──────── Material for the task

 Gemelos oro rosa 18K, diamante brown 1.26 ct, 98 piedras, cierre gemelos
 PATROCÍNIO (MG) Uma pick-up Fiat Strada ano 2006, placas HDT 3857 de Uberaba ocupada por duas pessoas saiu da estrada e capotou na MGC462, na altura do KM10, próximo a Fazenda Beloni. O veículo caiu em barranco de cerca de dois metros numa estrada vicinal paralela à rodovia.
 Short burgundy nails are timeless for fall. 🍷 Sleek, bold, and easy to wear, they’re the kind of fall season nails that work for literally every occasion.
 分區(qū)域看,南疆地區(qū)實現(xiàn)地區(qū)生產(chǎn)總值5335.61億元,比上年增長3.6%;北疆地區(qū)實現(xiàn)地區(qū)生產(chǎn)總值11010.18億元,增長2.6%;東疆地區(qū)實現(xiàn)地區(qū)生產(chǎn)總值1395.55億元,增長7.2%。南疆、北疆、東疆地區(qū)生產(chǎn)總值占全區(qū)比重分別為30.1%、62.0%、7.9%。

────────────────
──────── Material for the task

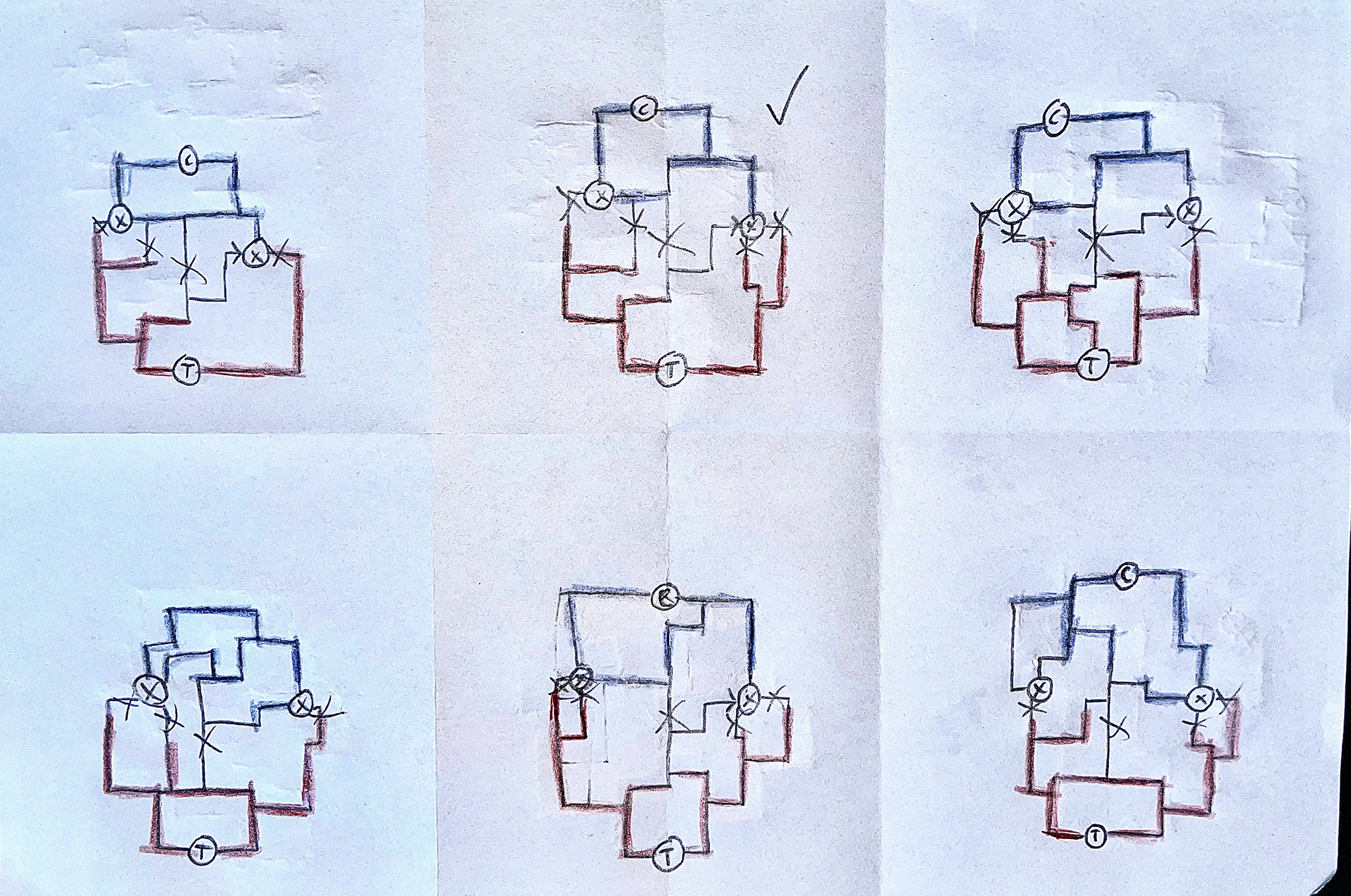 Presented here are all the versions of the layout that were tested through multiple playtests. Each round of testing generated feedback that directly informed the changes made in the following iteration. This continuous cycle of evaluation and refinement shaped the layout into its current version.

────────────────

Task to complete:
Take the lines above from the one containing "Gemelos oro rosa" down to the one containing "PATROCÍNIO (MG) Uma", and transcribe them exactly, both ends included.

Solution below:
 Gemelos oro rosa 18K, diamante brown 1.26 ct, 98 piedras, cierre gemelos
 PATROCÍNIO (MG) Uma pick-up Fiat Strada ano 2006, placas HDT 3857 de Uberaba ocupada por duas pessoas saiu da estrada e capotou na MGC462, na altura do KM10, próximo a Fazenda Beloni. O veículo caiu em barranco de cerca de dois metros numa estrada vicinal paralela à rodovia.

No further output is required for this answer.